As for the moons, yes, I like that. If this world has lots of moons, then yes all of them could have gods associated with them. And if they shine different colours, perhaps because of the geology or the light falling on them at different times, it could add to their interesting mythology. Only thing I would say is that too many big moons (like ours) too close in, would increase the likelyhood of them smashing into each other, and perhaps forming a ring structure, not to mention showers of meteorites. Lets hope that none of them are big enough to be world killers.

Cheers, Greg.


----------



## Ireth (Jul 23, 2012)

Re: the gender issue -- it's also possible that the moon is associated with femininity because of the 28-day phase cycle and the way it seems to correspond with the 28-day menstrual cycle of women. Just a thought. I like the idea of reversing the traditional gender roles, as Tolkien did with Arien and Tilion (guardians of the Sun and Moon, respectively). The Two Trees, from which the sun and moon were made, were identified according to age and gender: Telperion, the older, is male, while Laurelin, the younger, is female.


----------



## Queshire (Jul 23, 2012)

I'm decidedly grumpy and really shouldn't post in this state but yeah, the whole Moon being a chick thing most often comes from the fact that both have cycles.

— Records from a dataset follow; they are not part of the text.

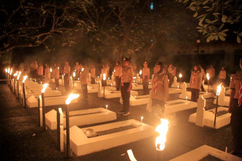 Apel Kehormatan dan Renungan Suci diakhiri dengan prosesi tabur bunga di pusara para pahlawan sebagai simbol penghormatan dan pengingat akan jasa-jasa para pahlawan yang telah gugur.
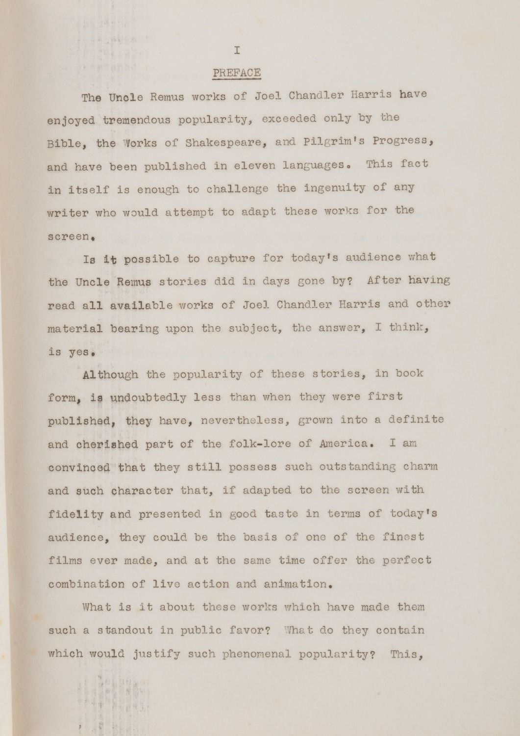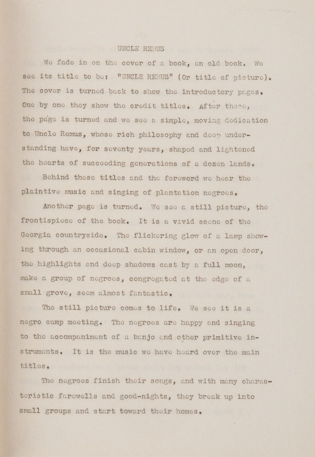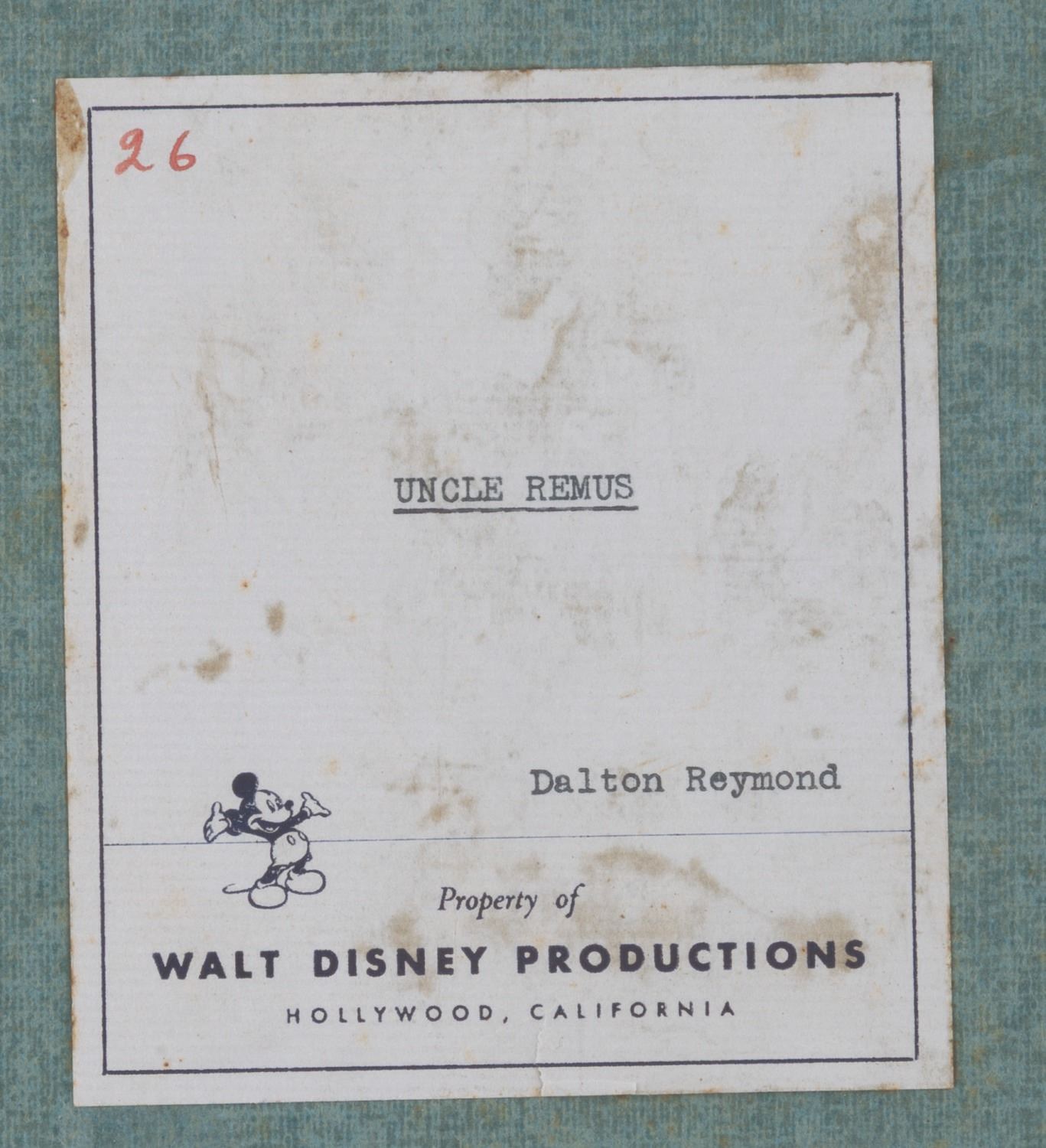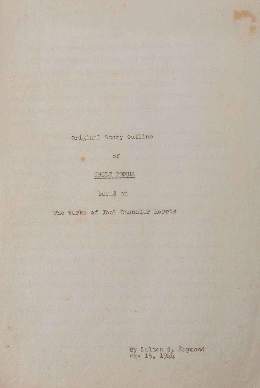 (Disney, 1944) An original story outline by Dalton Reymond for “Song of the South.” Reymond helped to bring the beloved characters of Joel Chandler Harris’ writing to the screen with this treatment of “Uncle Remus,” which became “Song of the South.” Measuring 9” x 11.5” the outline is in good condition with soiling, creasing and chipped corners from production use and age.
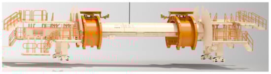 By connecting the cutter plate directly to the reloading belt, the original host belt is omitted and a series of main drive systems such as the main motor, external shield, and other auxiliary structural components are designed to be located around the main beam so that the original four sections of the main beam are shortened to two sections of the main beam (Figure 5), which significantly shortens the length of the host and eliminates the touch bottom skid, connecting bridge and mixed spray system in the post-support system. The structure and equipment in the post-support system, such as the bottoming sheave, connecting bridge, mixed spray system, etc., which are not suitable for mine tunneling, have been eliminated. This modification allows the length of the first TBM used in the original Zhengtong Coal Industry to be reduced from 167 m to 75 m for the third TBM and the turning radius to be shortened from 500 m to 90 m, which improves the flexibility of the equipment and enhances the adaptability of tunneling in the complex tunnel system of the mine; shortens the construction time and installation time of the assembly and installation chambers, reducing the preparation period for tunneling; shortens the empty roof distance, ensuring the on-site support and improving the space of the equipment. This shortens the construction time and installation time, reduces the preparation time, and shortens the distance to the top of the roof, ensures the safety of the construction, and ensures efficient and continuous TBM tunneling.
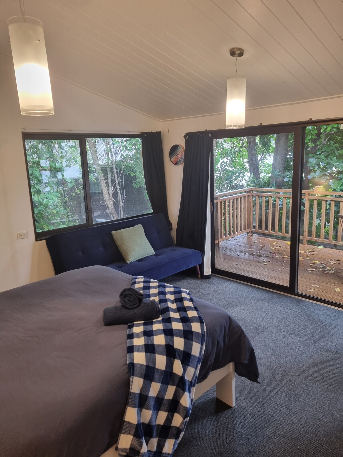 Վայելեք այս մասնավոր հյուրատունը ՝ ձեր սեփական տախտակամածով, որը նայում է դեպի թփուտը ։ Հիանալի մուտք դեպի քաղաքի և Հյուսիսային ափի լողափեր ՝ բնակարանը հեշտությամբ հասանելի է Օքլենդ Սիթիից և հարակից արվարձաններից ։ Մոտակայքում կան ռեստորաններ և սուպերմարկետ ճանապարհի երկայնքով Կա ավտոբուսի կանգառ հենց մեքենայի վերևում ՝ ձեզ կապելու գեղեցիկ Տակապունա լողափի, ինչպես նաև CBD - ի (Britomart) հետ: Այլապես ավտոբուսով ուղևորվեք դեպի Բիչ Հեյվեն և վայելեք լաստանավային ուղևորություն դեպի Քաղաք կամ Հոբսոնվիլ Փոյնթ ։
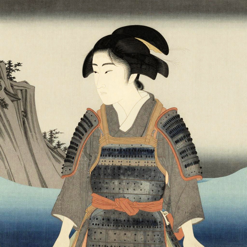 Portrait of a young elegant woman with blonde hair styled in an updo, wearing a vintage-inspired blue gown embroidered with floral patterns. She sits in a classical ornate setting with warm lighting, surrounded by antique decor, including golden framed paintings and flower arrangements. The atmosphere evokes a historical or royal ambiance.
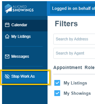 6. Click Stop Work As on the left to return to your Aligned Showings account.
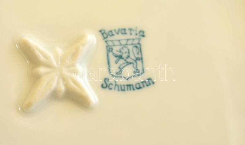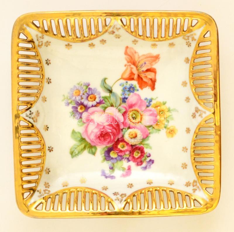 Leírás: Scumann Bavaria áttört szélű tál, matricás, jelzett, kopott, 18×18 cm
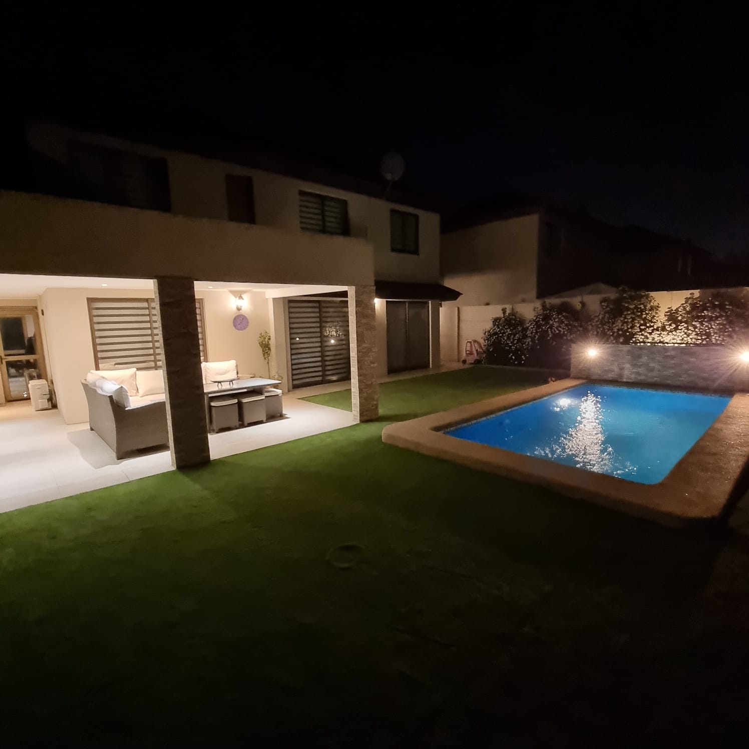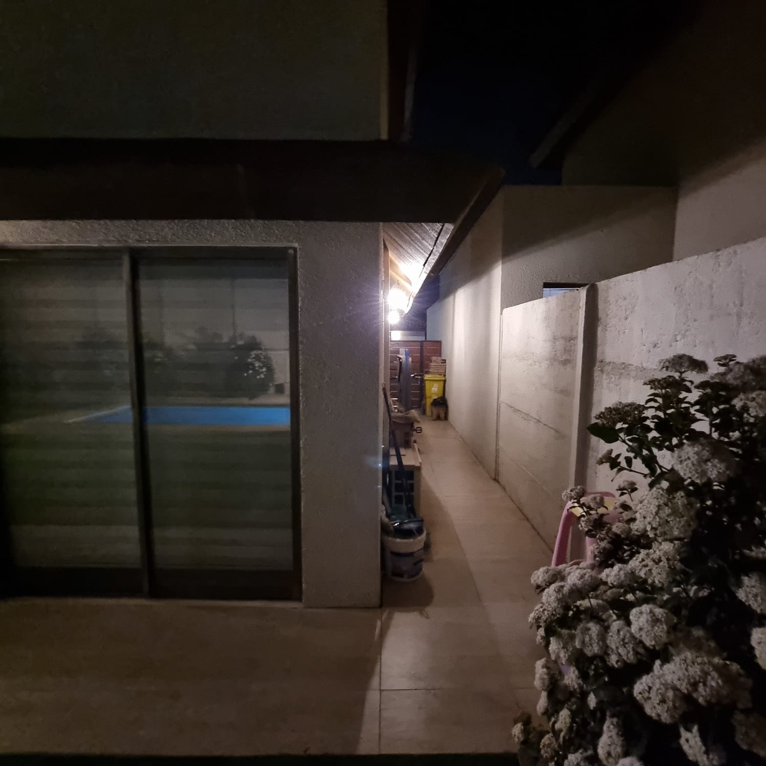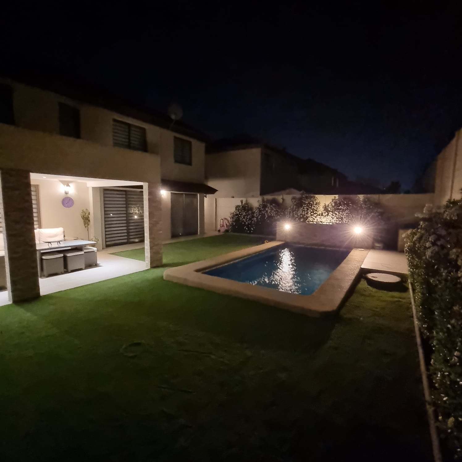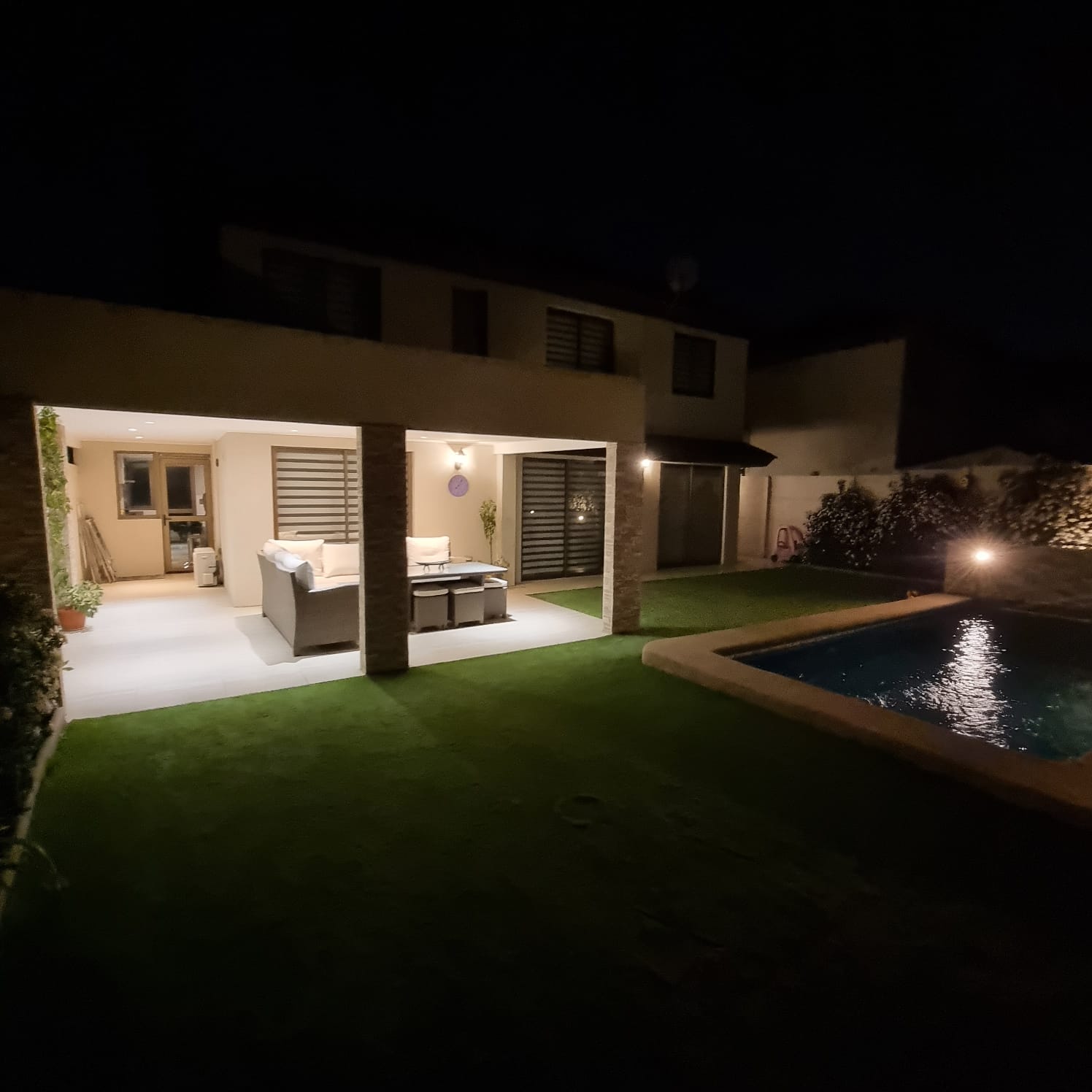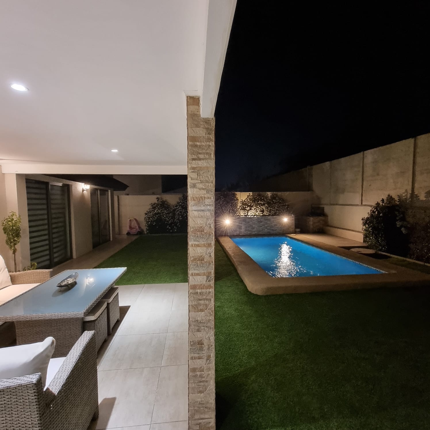 – Jardin exterior en la entrada con pasto sintetico y regadío por gota en sector arbustos

Sorry, I thought that was obvious.


----------



## J.P. Reedman (Jul 24, 2012)

In Norse myth it was reversed--the moon is masculine and the sun feminine. To the Basques, sun and moon were both female! The moon was often thought of as female probably because of its cycle, but it wasn't necessarily always a benign nurturing influence...remember that the word 'lunatic' also comes from moon. It was thought it could make you mad. Some British stone circles have lunar alignments as well as solar, and there might be a connection betwen the whiteness of the moon and the bones of the dead; so essentially the moon may have been some kind of Guardian of the dead/spirits to these ancient people.


----------



## Ophiucha (Jul 24, 2012)

1) Well, if I was going to make a guess as to why the moon was associated with a goddess, it'd begin and end with another 'M' word relating to 'cycles'. I don't know if that's a good reason to stick with a gender role in your pantheon. There's no guarantee that elves menstruate in the same way as human women, or that they menstruate at all (after all, they are fae, and fae are often more like insects than mammals). And in a world of werewolves, I imagine the moon would be more strongly associated with the wolf - likely a male, since alphas are nearly exclusively male in pack dynamics (rare cases notwithstanding). Also, feminism and all that. 

 2/3) If it isn't Earth, then I don't suppose it should have the same planets in its solar system. Whether or not they are important is rather up to you and your story. There are stories where it's important, and there are many, _many_ stories where it is not. Since you are asking at all, I assume you find it to be at least a little important. And I don't know that the planets necessarily should be named after gods by default - just because _we _did it, doesn't mean that should be universal - but certainly having a planet called "Pluto" without anything else called "Pluto" in their world is a bit strange. And gods are easy, if nothing else.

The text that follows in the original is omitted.